Posts

Top Dressing

Top dressing is the process of applying compost, soil, or sand over the surface of your lawn. It has been performed on golf courses since the sport was invented in Scotland, but has only recently become popular on home lawns.

Good soil is living soil. That may sound like a cliché, but it’s true. One tablespoon of soil can contain billions of microorganisms. These microscopic organisms are one of the reasons we have plants and trees. In nature, soil microbes enrich soil by converting fallen leaves, limbs and other debris into nutrients plants can use. Since many home lawns have poor quality soil, top dressing becomes even more important. Top dressing is simply a way of adding organic material and restoring the balance to home lawns, building better soil and increasing soil flora.

Benefits of compost topdressing:

  • Adds organic matter to soils
  • Builds up the soil flora
  • Helps improve soil structure
  • Helps reduce lawn diseases
  • Reduces traffic stress and relieves compaction problems
  • Helps with water retention
  • Reduces the need for fertilizer
  • Can help reduce thatch
  • Increases Cation Exchange Capacity (CEC) of your soil – the degree to which soil can absorb and exchange cations (positively charged ions)
  • Evens out the lumps and bumps that are present on an uneven lawn

The Legacy Turf Care approach to top dressing starts with using the highest quality organic compost blends available.
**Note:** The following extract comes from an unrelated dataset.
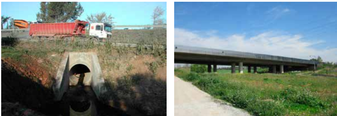
Figura 1 Carretera BP-1413 al torrent de Can Fatjó. A l'esquerra (en primer terme) s'observa el drenatge de 1,5 m de diàmetre existent abans de l'execució de les obres previstes en el projecte del Corredor Verd del Parc de l'Alba. A la dreta es mostra el viaducte de 125 m d'amplada existent en l'actualitat.

El projecte de la carretera va preveure el pas sobre els torrents amb dues estructures dissenyades per a l'ús mixt de la fauna, persones, camins de servei i els torrents. Es tracta de la construcció de dos viaductes de 125m i 30 m d'amplada, que substitueixen antics drenatges de tipus circular de 1,5 m de diàmetre i volta de 3 m d'amplada, respectivament (veure figures 1 i 2).
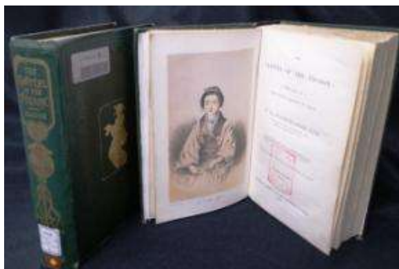
『The Capital of the Tycoon: a narrative of a three years' residence in Japan』 London 版

Using the most efficient, powered compost spreader that is calibrated to spread a ¼” thick layer of compost evenly across your lawn.
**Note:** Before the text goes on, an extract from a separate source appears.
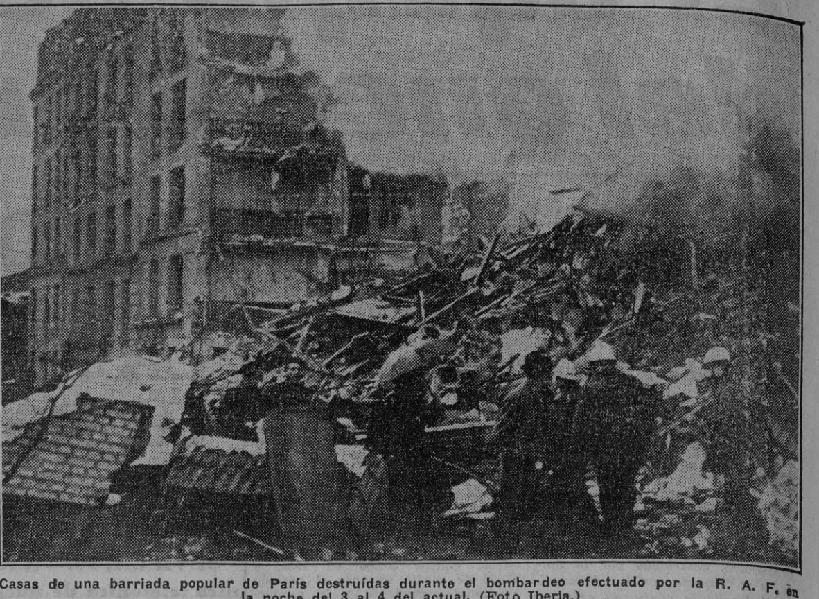
Casas de una barriada popular de París destruidas durante el bombardeo efectuado por la R. A. F. la noche del 3 al 4 del actual.

We apply ¼”thick layers Spring & Fall to slowly introduce high quality organic compost into your existing clay soils. Going any thicker then ¼” at a time would create impenetrable layers of soil that could choke the fescues ability to retrieve oxygen, nutrients & water.

When done correctly you will not see bumps & lumps of compost on top of the tall fescue. Our state of the art machines spread the organic compost so evenly that it works its way down to the base of the fescue rather quickly, making it more readily available to the grass for nutrient uptake and less visible from the surface.